The Small Business Reorganization Act of 2019 streamlines existing rules governing the efforts of small businesses to restructure successfully under Chapter 11 of the Bankruptcy Code. The law effectively makes it more difficult for creditors to contest small business Chapter 11 cases, but it also provides creditors in all bankruptcy cases several major benefits through changes to the preference laws.
Subchapter V of Chapter 11
A small business debtor is a business entity or an individual which is engaged in business whose aggregate non-contingent debts (excluding debts to affiliates or insiders) do not exceed $2,725,625 and which elects to be treated as a small business. The Act adds a new Subchapter V to Chapter 11 of the Bankruptcy Code to make it easier and less expensive for small businesses to successfully reorganize.
The Act’s Key Provisions Include:
- Only the small business may file a Chapter 11 plan, but the Act requires that the debtor file its plan within 90 days of the date it files its bankruptcy petition, except in certain circumstances.
- A standing trustee, similar to those appointed in Chapter 13 cases, will be appointed to oversee each small business case.
- A creditors committee will not be formed.
- The Chapter 11 plan can modify the rights of a creditor secured by a security interest in the debtor’s principal residence if the loan secured by the residence was not used to acquire the residence but was used in connection with the debtor’s business.
- The Court can confirm a debtor’s plan without the support of any class of claims as long as the plan does not discriminate unfairly and is deemed to be fair and equitable with respect to each class of claims.
- To be considered fair and equitable, the Chapter 11 plan must provide that all of the debtor’s projected disposable income to be received during the length of the plan will be applied to make payments under the plan for a period of 3 to 5 years.
Note: As in all Chapter 11 cases, creditors will need to be vigilant to ensure that Courts properly evaluate Chapter 11 plans, especially those that lack creditor support, and that their rights are properly protected.
Changes to Preference Laws
The Act makes several significant changes to existing preference laws which will be welcomed by creditors.
Currently, trustees and debtors in possession have broad authority to file lawsuits to recover preferential transfers which were made 90 days prior to the date the bankruptcy case was filed, or in the case of insiders, one year.
Under the prior law, if the amount of the transfer was less than $13,650, then the trustee or debtor in possession would have to file the lawsuit to recover the transfer in the federal district where the defendant resides, not in the district where the bankruptcy case is pending.
Key Updates Under the Act:
- The Act raises the threshold for non-insider defendants from $13,650 to $25,000 so that claims of less than $25,000 must be filed in the district where the defendant resides.
- In addition, the Act adds as a requirement that, before filing the lawsuit to recover a preference, the trustee or debtor in possession must exercise reasonable due diligence and must:
“. . . take into account a party’s known or reasonably knowable affirmative defenses . . .”
Due to costs and logistics, preference suits are rarely filed outside of the district where the bankruptcy case is pending, so raising the threshold to $25,000 effectively immunizes most transfers less than $25,000 from recovery.
Furthermore, the Act’s due diligence requirement will certainly result in a reduction of the number of preference lawsuits.
Conclusion
The Small Business Reorganization Act of 2019 significantly improves the process for small businesses filing for Chapter 11 bankruptcy in Atlanta by simplifying procedures, reducing creditor influence, and protecting small business assets through reasonable thresholds and due diligence requirements.
Frequently Asked Questions
What is the Small Business Reorganization Act of 2019?
The Small Business Reorganization Act of 2019 is a law that simplifies the Chapter 11 bankruptcy process for qualifying small businesses.

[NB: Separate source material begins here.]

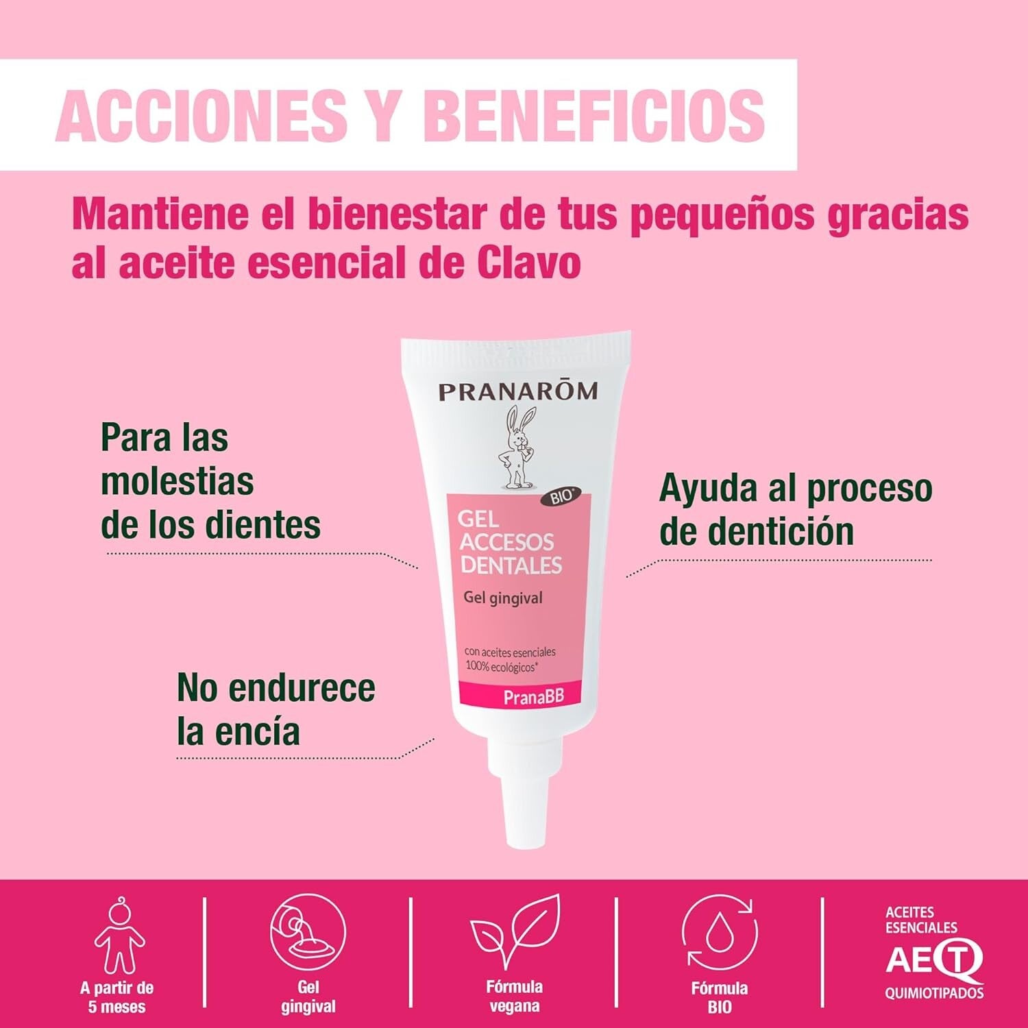 Aprovecha las propiedades beneficiosas de nuestro Gel Accesos Dentales - Gel Gingival Bio y brinda alivio a tu bebé de manera natural. ¡Compra ahora y experimenta el bienestar que mereces!

It introduces Subchapter V, which provides faster timelines, reduced costs, and less creditor interference to help small businesses reorganize more effectively.
Who qualifies as a small business under Subchapter V?

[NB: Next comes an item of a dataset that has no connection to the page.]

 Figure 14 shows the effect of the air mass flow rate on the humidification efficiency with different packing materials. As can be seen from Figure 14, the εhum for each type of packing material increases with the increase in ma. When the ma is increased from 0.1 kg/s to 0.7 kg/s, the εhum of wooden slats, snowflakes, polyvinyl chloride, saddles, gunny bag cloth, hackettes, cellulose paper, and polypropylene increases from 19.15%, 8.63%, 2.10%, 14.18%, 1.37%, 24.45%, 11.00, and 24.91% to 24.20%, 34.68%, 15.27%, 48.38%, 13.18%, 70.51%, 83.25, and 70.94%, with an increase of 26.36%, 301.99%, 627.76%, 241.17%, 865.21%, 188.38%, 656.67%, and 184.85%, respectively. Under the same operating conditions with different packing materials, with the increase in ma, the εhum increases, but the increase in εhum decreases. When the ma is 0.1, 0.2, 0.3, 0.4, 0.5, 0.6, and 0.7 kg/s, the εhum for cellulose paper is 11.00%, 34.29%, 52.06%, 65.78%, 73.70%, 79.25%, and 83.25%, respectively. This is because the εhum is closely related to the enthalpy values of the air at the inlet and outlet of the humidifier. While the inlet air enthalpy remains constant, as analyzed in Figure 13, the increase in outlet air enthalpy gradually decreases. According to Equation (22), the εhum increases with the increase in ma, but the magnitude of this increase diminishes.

To qualify, a business (or an individual engaged in business) must have non-contingent debts not exceeding $2,725,625 and must elect to proceed under Subchapter V. Debts to affiliates or insiders are excluded from this calculation.
What role does the standing trustee play in Subchapter V cases?
A standing trustee is appointed in every Subchapter V case to monitor the debtor’s progress, assist with plan confirmation, and ensure compliance. This role is similar to trustees in Chapter 13 bankruptcies, but without control over the debtor’s operations.
Can a small business modify a home mortgage under Chapter 11?
Yes, but only if the mortgage was not used to acquire the debtor’s primary residence and was instead used for business purposes. In such cases, the Chapter 11 plan may alter the terms of the loan.
How did the Act change preference lawsuit rules?
The Act raised the threshold for filing preference lawsuits from $13,650 to $25,000 and added a due diligence requirement. This change reduces frivolous lawsuits and protects smaller transactions from being pursued unnecessarily.